- Data excerpts
+===+
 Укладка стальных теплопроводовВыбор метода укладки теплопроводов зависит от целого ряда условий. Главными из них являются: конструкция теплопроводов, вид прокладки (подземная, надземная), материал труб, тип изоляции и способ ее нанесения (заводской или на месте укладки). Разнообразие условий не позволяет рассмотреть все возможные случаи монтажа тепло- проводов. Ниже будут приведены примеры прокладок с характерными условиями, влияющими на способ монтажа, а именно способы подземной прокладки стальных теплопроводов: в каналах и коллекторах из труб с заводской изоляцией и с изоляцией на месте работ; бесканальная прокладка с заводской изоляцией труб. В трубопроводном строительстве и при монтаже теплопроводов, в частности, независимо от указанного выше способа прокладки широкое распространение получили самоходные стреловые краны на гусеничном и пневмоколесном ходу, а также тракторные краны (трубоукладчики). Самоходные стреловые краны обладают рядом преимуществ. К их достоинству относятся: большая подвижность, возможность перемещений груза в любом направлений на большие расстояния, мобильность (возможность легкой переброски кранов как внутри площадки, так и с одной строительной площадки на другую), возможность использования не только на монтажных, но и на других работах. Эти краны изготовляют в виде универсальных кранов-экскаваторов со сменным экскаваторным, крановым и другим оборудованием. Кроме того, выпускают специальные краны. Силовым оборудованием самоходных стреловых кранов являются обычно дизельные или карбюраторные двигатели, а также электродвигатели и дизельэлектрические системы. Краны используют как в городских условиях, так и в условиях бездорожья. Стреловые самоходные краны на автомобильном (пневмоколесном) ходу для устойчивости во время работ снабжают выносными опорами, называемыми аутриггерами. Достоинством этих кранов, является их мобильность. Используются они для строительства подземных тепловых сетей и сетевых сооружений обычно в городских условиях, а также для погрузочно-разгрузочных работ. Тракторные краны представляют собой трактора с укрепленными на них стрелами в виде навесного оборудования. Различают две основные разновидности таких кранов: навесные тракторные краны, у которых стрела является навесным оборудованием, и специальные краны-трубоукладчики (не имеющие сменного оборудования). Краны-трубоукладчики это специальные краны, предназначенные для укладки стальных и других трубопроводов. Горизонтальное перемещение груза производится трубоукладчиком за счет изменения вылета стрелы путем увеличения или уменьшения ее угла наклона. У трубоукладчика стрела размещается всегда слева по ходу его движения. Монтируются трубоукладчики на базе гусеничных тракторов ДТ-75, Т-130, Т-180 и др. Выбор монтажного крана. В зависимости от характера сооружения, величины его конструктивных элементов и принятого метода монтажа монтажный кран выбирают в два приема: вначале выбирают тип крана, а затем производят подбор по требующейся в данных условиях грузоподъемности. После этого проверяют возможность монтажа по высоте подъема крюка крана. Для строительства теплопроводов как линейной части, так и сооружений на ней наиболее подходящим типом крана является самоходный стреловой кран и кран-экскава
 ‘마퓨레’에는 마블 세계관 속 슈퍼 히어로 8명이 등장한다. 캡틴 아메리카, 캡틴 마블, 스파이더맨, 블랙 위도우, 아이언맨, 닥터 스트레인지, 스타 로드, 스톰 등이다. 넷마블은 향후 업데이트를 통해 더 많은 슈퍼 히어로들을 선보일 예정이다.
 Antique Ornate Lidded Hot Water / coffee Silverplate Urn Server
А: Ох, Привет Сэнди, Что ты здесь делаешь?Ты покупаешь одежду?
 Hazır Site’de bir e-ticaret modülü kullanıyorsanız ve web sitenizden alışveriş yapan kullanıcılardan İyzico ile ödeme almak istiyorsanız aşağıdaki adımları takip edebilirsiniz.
+===+
Could you output the lines above, exactly as written, from the one containing "Antique Ornate Lidded" through the last, with both ends included and no others?

 Antique Ornate Lidded Hot Water / coffee Silverplate Urn Server
А: Ох, Привет Сэнди, Что ты здесь делаешь?Ты покупаешь одежду?
 Hazır Site’de bir e-ticaret modülü kullanıyorsanız ve web sitenizden alışveriş yapan kullanıcılardan İyzico ile ödeme almak istiyorsanız aşağıdaki adımları takip edebilirsiniz.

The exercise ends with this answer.